Statistical analysis was conducted using RStudio (version 3.6.1; R Core Team). Appropriate descriptive statistics (eg, percentage, frequency, and median) were performed on all patient variables. Bivariate analysis was conducted to determine if there were any statistically significant demographic disparities between survey completion groups within the intervention arm. For categorical variables, data were analyzed using chi-square tests or Fisher exact test when expected cell counts were less than 5. For continuous variables (ie, age, CHAI scaled, and days since transplant), normality was assessed using the Shapiro test. No continuous variable was normally distributed; thus, bivariate analysis was conducted via Kruskal-Wallis, a nonparametric test that compares medians.
Of the 449 participants enrolled in the TAKE IT trial, 224 (49.9%) participants were randomized to the intervention arm and analyzed for this investigation. Sociodemographic and clinical characteristics of this subsample are presented in Table S1 in. Overall, the median age of intervention participants was 53 years (range 21-76), 58.4% (129/221) were male, and 19.2% (43/224) were African American. The median time since transplantation for these KT recipients was less than a year (202 days, range 23-1,091).
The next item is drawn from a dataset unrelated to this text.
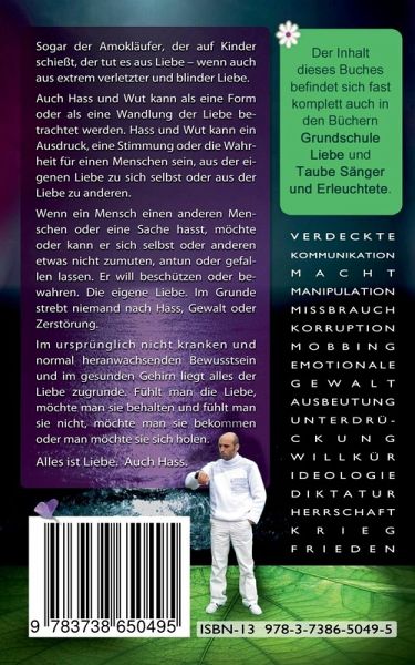 Sogar der Amokläufer, der auf Kinder schießt, der tut es aus Liebe, wenn auch aus extrem verletzter und blinder Liebe.Auch Hass und Wut kann als eine Form oder als eine Wandlung der Liebe betrachtet werden. Hass und Wut kann ein Ausdruck, eine Stimmung oder die Wahrheit für einen Menschen sein, aus der eigenen Liebe zu sich selbst oder aus der Liebe zu anderen. Wenn ein Mensch einen anderen Menschen oder eine Sache hasst, möchte oder kann er sich selbst oder anderen etwas nicht zumuten, antun oder gefallen lassen. Er will beschützen oder bewahren. Die eigene Liebe. Im Grunde strebt niemand nach Hass, Gewalt oder Zerstörung.Im ursprünglich nicht kranken und normal heranwachsenden Bewusstsein und im gesunden Gehirn liegt alles der Liebe zugrunde. Fühlt man die Liebe, möchte man sie behalten und fühlt man sie nicht, möchte man sie bekommen oder man möchte sie sich holen.Vom Menschen, seinem Denken, seiner Liebe und seinem Ursprung. Von Gott.Aus Information entsteht Logik.Aus Logik entsteht Vernunft.Aus Vernunft entsteht Liebe. Die Information ist die Liebe.

The majority of recipients (148/224, 66.1%) completed the initial online adherence assessment; there were no significant differences between participants who completed or did not complete the initial assessment in age, gender, race, or time since transplantation. However, participants who did not complete the initial assessment had significantly lower education (P=.02) and household income (P=.006; Table S1). Among those who did complete it, 34.6% (56/162) had one or more adherence concerns. The most common barriers were classified as regimen-related (25/56, 44.6%), cognitive (15/56, 26.8%), medical (11/56, 19.6%), and psychological (9/56, 16.1%).
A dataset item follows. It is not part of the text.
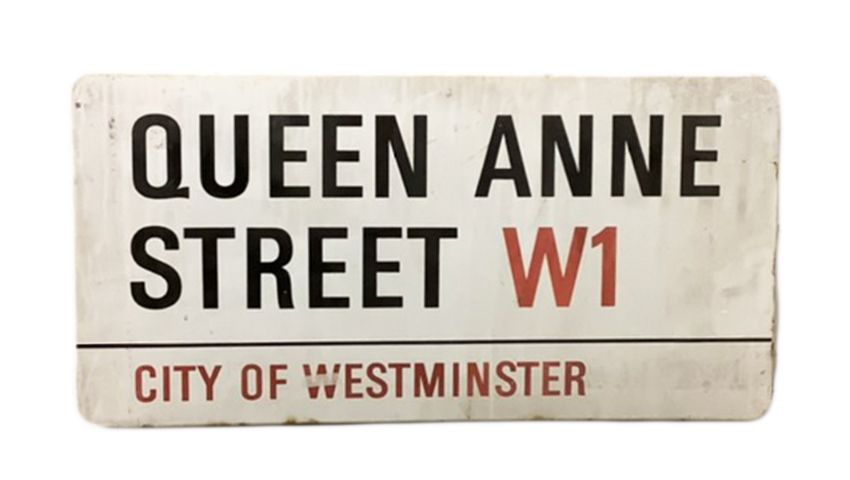 An enamelled steel street sign for Queen Anne Street W1, City of Westminster with iconic black and red sans serif lettering first created by Sir Misha Black in 1967 which is unique to the Westminster signs and under copyright law, forbidden to be copied anywhere else in the world, sold together with a signed Certificate of Authenticity

Repeat Completion of Monthly Portal Assessments
We investigated repeat completion among 202 (90.2%) participants who had exposure to the intervention for three months or longer and thus had the chance to complete the initial online adherence assessment and 3-monthly follow-up surveys postbaseline. Intervention participants who had not been in the study for at least 3 months (22/224, 9.8%) were excluded from the analysis. Table S1 inprovides sociodemographic characteristics of intervention patients exposed for three months or longer, stratified by survey completion. Overall, 81.2% (164/202) completed at least one assessment, and 73.3% (148/202) completed at least two assessments. Most (116/202, 57.4%) participants did complete all three surveys. There were no significant differences in age (P=.49), gender (P=.22), race (P=.50), education (P=.07), time since transplant (P=.94), health activation (P=.14), or health literacy (P=.30) between participants who completed no surveys, 1-2 surveys, or all surveys. Overall, participants who completed all surveys were more likely to have a higher income (P=.01) than participants who completed none or just one or two surveys. provides a flowchart illustrating the participants’ detailed completion of each of the monthly adherence assessments in time order.
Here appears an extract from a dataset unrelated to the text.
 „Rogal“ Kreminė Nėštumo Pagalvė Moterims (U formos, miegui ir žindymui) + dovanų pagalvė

Half of the intervention participants were at risk for inadequate adherence at some point over the three-month assessment period (). Among participants who completed 1 survey (16/202, 7.9%) versus 2 surveys (32/202, 15.8%) versus all 3 surveys (116/202, 57.4%), the proportion of those flagging for an adherence concern was 43.8% (7/16), 59.4% (19/32), and 48.3% (56/116), respectively. Among all of those who were identified as at risk for inadequate adherence, the average number of adherence concerns was 1.13, with a range of 1 to 5 adherence concerns. There were 26 (31.7%) participants who flagged for 2 or more adherence concerns. The most commonly reported barriers were cognitive (42/93, 45.2%), regimen-related (26/93, 28.0%), and medical (25/93, 26.9%) due to overall health or medication side effects).
The median time for participants who were sent and completed survey 1 (162/202, 80.2%) to open and return the assessment was 0.88 days (). A total of 51.9% (84/162) of participants completed the survey in less than 1 day, and among these recipients, the median time to return the assessment was 2.86 hours.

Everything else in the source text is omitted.